Is this related to this post of yours? That’s not a statistical issue but a serious violation of GCP. Of course, you could use the actual sequences in a sensitivity analysis. Even if both the per-protocol analysis and the sensitivity analysis pass, it would rise serious doubts about the procedures of the CRO. There were too many cases in the past (see this post) which would – rightly – set any assessor’s alarm bells off and likely trigger an inspection. Get prepared.

I faced not following the randomization once. The CRO ignored the randomization provided by the sponsor (well, claimed that it never was received) and used their own. How stupid is this? If the CRO really didn’t receive it in a timely manner, why not simply pick up the phone and sort it out with the sponsor? However, I got the randomization from the sponsor, study passed, statistical report (PK part) final.

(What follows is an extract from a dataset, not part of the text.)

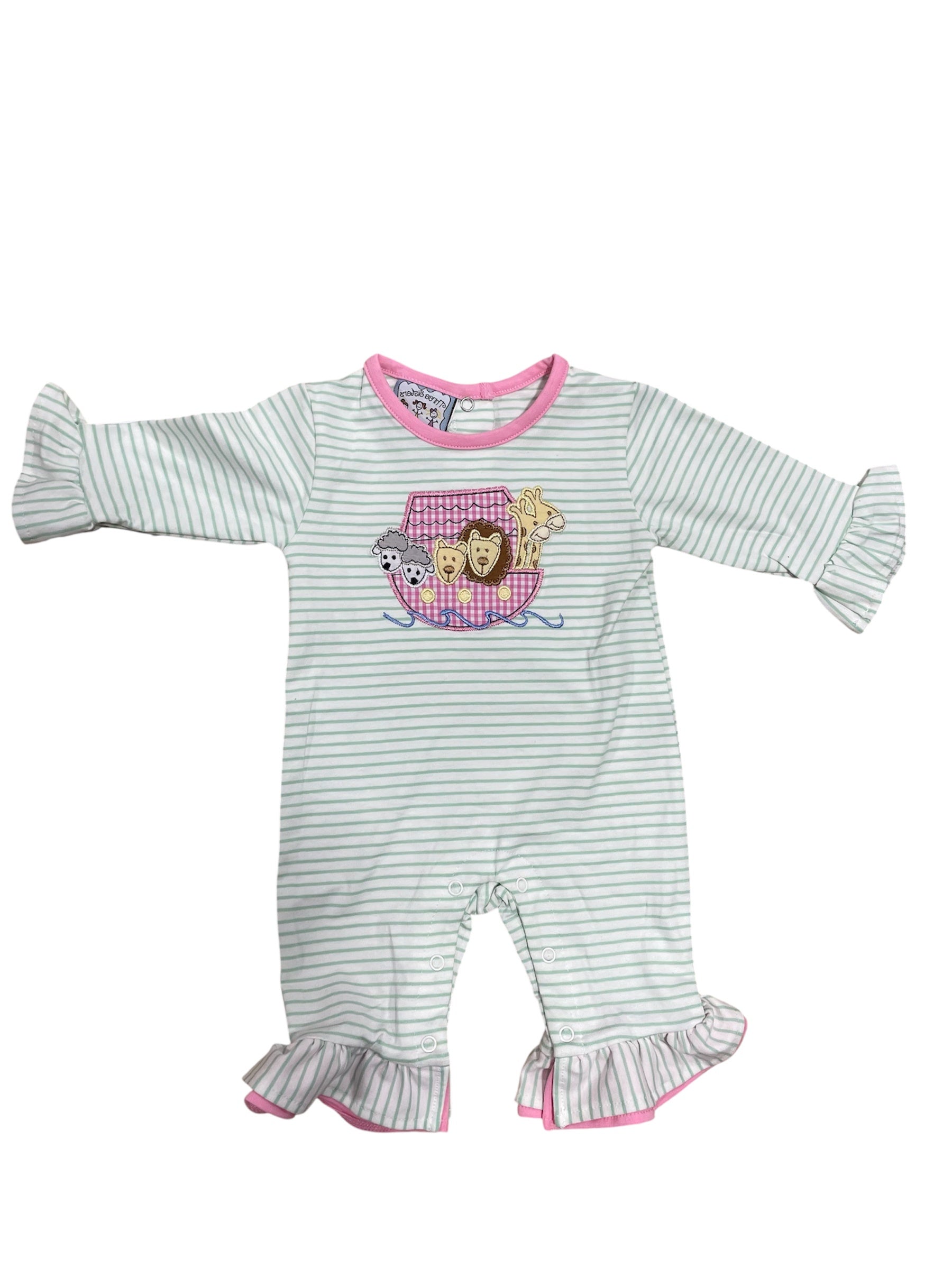 Three Sisters Noah's Ark Girls Greeb Stripe Romper

I was also responsible to evaluate the safety part. When I got the CRFs from the CRO I realized that the drug administration didn’t match the randomization I had. F**k! Sensitivity analysis with the “true” randomization as an amendment to the statistical report. Study passed.
However, after some legal to and fro the CRO repeated the study at its own cost and never was contracted by the sponsor again.